▶ [Exercise requirements]: From the listing below, please restate exactly the lines beginning at the one with "Согласно письму, поскольку" and ending at the one with "Free image/jpeg, Resolution: 4320x3240, File", both included, and skip the pictures.

▶ [Data in this exercise]:
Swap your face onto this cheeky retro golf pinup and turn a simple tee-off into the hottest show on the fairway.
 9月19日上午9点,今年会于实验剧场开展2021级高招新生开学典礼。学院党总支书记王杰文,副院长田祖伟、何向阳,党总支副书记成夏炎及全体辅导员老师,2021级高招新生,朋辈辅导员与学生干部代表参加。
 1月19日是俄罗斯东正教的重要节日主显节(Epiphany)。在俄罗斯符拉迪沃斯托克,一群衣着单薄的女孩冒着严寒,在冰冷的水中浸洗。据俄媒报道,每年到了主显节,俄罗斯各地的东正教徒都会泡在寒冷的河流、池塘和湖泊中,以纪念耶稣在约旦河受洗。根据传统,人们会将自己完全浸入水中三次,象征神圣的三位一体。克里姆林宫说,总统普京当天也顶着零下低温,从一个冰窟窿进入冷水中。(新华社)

--

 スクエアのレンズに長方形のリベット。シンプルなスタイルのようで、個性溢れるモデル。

==

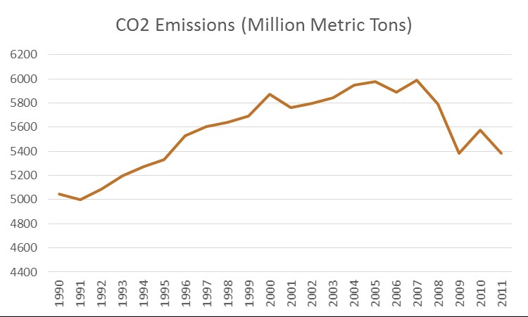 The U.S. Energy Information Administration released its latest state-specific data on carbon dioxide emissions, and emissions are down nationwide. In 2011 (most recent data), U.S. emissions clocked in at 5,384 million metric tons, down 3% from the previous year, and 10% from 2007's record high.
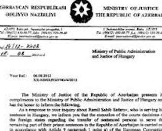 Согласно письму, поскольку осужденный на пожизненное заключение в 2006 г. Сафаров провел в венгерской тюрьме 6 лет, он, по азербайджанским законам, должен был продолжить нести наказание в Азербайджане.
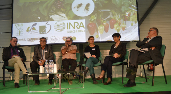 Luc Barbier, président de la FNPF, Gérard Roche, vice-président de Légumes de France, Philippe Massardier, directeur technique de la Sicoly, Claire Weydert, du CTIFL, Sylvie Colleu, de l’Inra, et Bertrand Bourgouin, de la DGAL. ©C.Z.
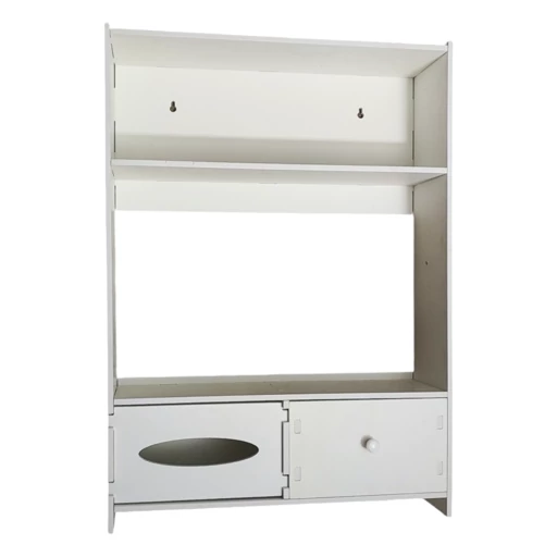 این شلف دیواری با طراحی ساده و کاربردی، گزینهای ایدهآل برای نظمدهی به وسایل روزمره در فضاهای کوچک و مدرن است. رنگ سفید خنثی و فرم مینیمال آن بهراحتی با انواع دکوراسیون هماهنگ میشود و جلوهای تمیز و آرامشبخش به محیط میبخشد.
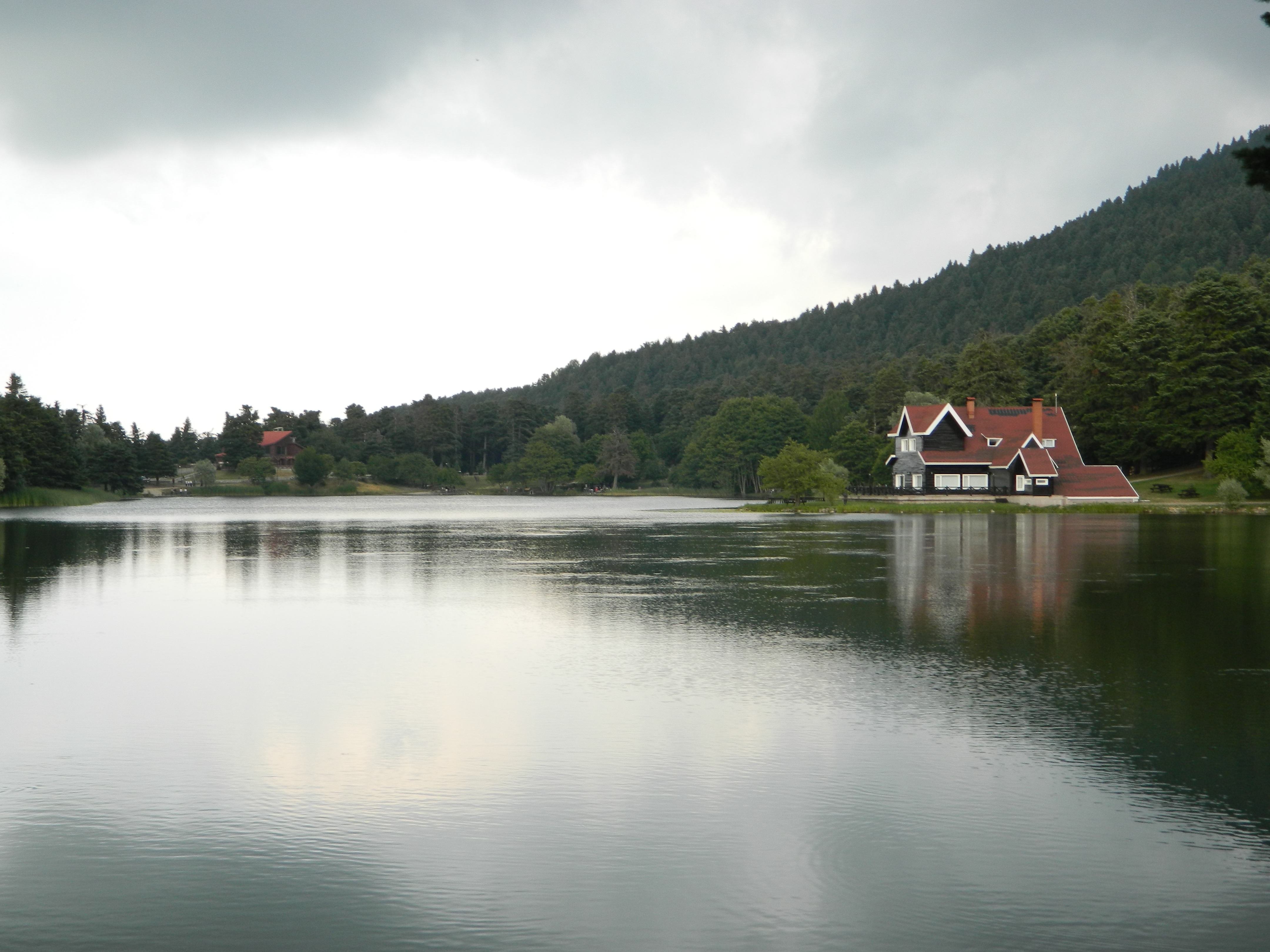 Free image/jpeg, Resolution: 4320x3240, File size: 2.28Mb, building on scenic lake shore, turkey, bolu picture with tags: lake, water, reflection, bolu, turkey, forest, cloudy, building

▶ [Solution to this problem]:
 Согласно письму, поскольку осужденный на пожизненное заключение в 2006 г. Сафаров провел в венгерской тюрьме 6 лет, он, по азербайджанским законам, должен был продолжить нести наказание в Азербайджане.
 Luc Barbier, président de la FNPF, Gérard Roche, vice-président de Légumes de France, Philippe Massardier, directeur technique de la Sicoly, Claire Weydert, du CTIFL, Sylvie Colleu, de l’Inra, et Bertrand Bourgouin, de la DGAL. ©C.Z.
 این شلف دیواری با طراحی ساده و کاربردی، گزینهای ایدهآل برای نظمدهی به وسایل روزمره در فضاهای کوچک و مدرن است. رنگ سفید خنثی و فرم مینیمال آن بهراحتی با انواع دکوراسیون هماهنگ میشود و جلوهای تمیز و آرامشبخش به محیط میبخشد.
 Free image/jpeg, Resolution: 4320x3240, File size: 2.28Mb, building on scenic lake shore, turkey, bolu picture with tags: lake, water, reflection, bolu, turkey, forest, cloudy, building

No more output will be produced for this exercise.